Metadata-Version: 2.1
Name: movement_primitives
Version: 0.3.1
Summary: Movement primitives
Home-page: https://github.com/dfki-ric/movement_primitives
Author: Alexander Fabisch
Author-email: alexander.fabisch@dfki.de
License: BSD-3-clause
Description: ![CI](https://github.com/dfki-ric/movement_primitives/actions/workflows/python-package.yml/badge.svg)
        [![codecov](https://codecov.io/gh/dfki-ric/movement_primitives/branch/main/graph/badge.svg?token=EFHUC81DBL)](https://codecov.io/gh/dfki-ric/movement_primitives)
        
        # Movement Primitives
        
        Movement primitives are a common group of policy representations in robotics.

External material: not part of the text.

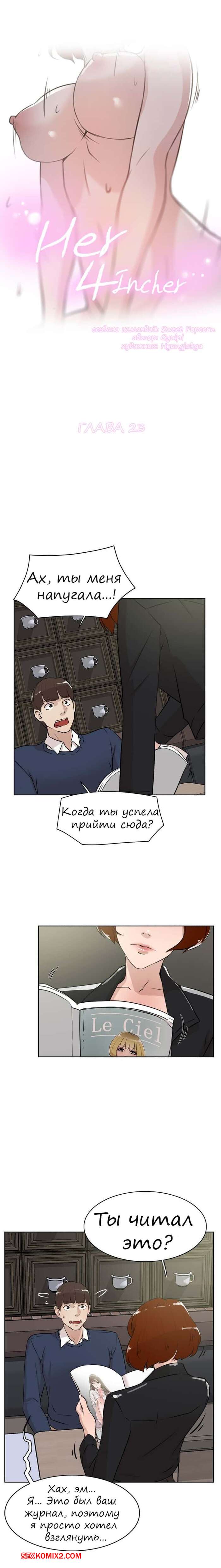 Порно комикс Её 4 размер. Части 22 и 23 и 24. Наш герой просто стал без ума от красотки модели.Он нашел журнальчик с ее фотками и решил им полюбоваться, но в этот момент его застала его подруга. Она быстренько прибрала парня к себе, чтобы он уже по традиции хорошенько ее отъебал.
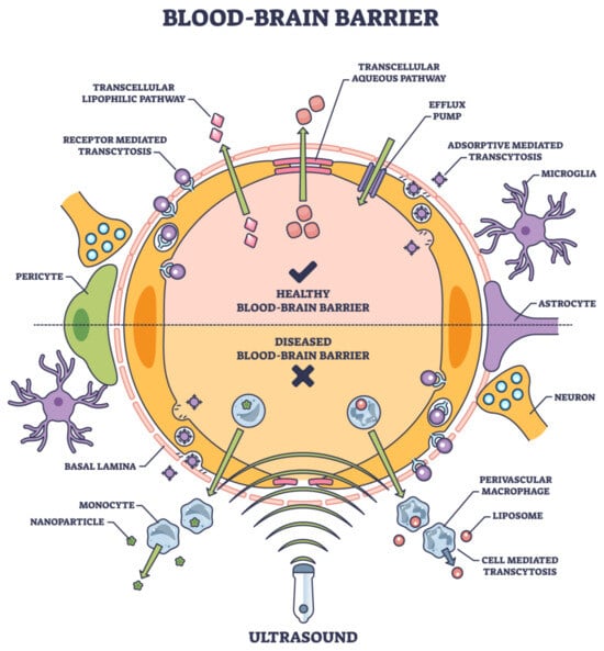 Protecting the brain from toxins, pathogens, and other foreign substances is crucial for survival. Thus, the BBB has evolved to become a gatekeeper, ensuring that only substances beneficial or neutral to the brain’s function gain entry [8]. However, this protective shield also presents a significant challenge for medical science, particularly neurology and psychiatry [9]. Most drugs designed to target the brain—whether for the treatment of neurodegenerative diseases, psychiatric disorders, or brain tumors—cannot cross the BBB in therapeutically effective dosing [10], leading to numerous potential treatments failing in the clinical stages, not necessarily because the drugs are not efficacious, but because they cannot reach their intended site of action in the brain [11]. Thus, the BBB represents a double-edged sword. While it is indispensable for physiological well-being, it is also one of the most formidable obstacles in treating neurological diseases [12].

        There are many types and variations. This repository focuses mainly on
        imitation learning, generalization, and adaptation of movement primitives.
        It provides implementations in Python and Cython.
        
        ## Features
        
        * Dynamical Movement Primitives (DMPs) for
            * positions (with fast Runge-Kutta integration)
            * Cartesian position and orientation (with fast Cython implementation)
            * Dual Cartesian position and orientation (with fast Cython implementation)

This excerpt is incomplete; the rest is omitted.